That's not a correct definition of big O notation. If f(x) is O(g(x)), then there must exist some constants C and N such that: |f(x)| <= C |g(x)| for all x>N. So, if f(x) is always less than or equal to some constant * g(x) after some x value N, then f(x) is O(g(n)). Effectively, this means that constant factors are irrelevant, because you can choose C to be any value. So, for your example f(n)=5n+2 <= C*g(n)=10000n so, f(n) is O(g(n)).

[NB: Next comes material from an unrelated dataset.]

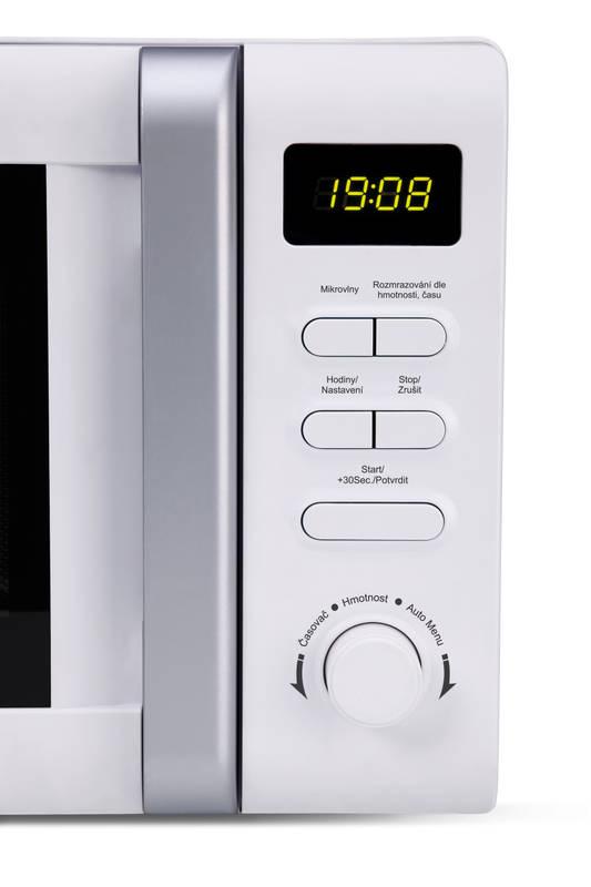 Voľne stojaca mikrovlnná rúra, Digitálny displej + hodiny, Mikrovlnný výkon 700 W, Objem 20 l, Časovač do 95 min., Príkon 1200 W, 5 stupňov mikrovlnného výkonu, 2 stupne rozmrazovania

Considering what the Big-O notation stands for you have the statement
5n +2 E O(n)
or as well
5n +2 = O(n)
Given that Big-O notation states an upper bound to our function, which is to establish an upper limit to the possible results of our given funcion, the problen can be reconsidered in the following way:
5n +2 <= c*n , for some constant c
We can see that the statement holds true given that it is possible to find some constant that will be greater than or equal to our function (making that constant as big or small as we need).
In a more general way, we can say that any given function f(n) will belong to O(g(n)) if the degree of g(n) is greater that or equal to the degree of f(n), that is, the highest degree among its terms.
Formally:
Let f(n) = n^x;
Let g(n) = n^y; so that x <= y
Then f(n) = O(g(n)).
The same applies to Big-Omega the other way arround.
Hope it works for you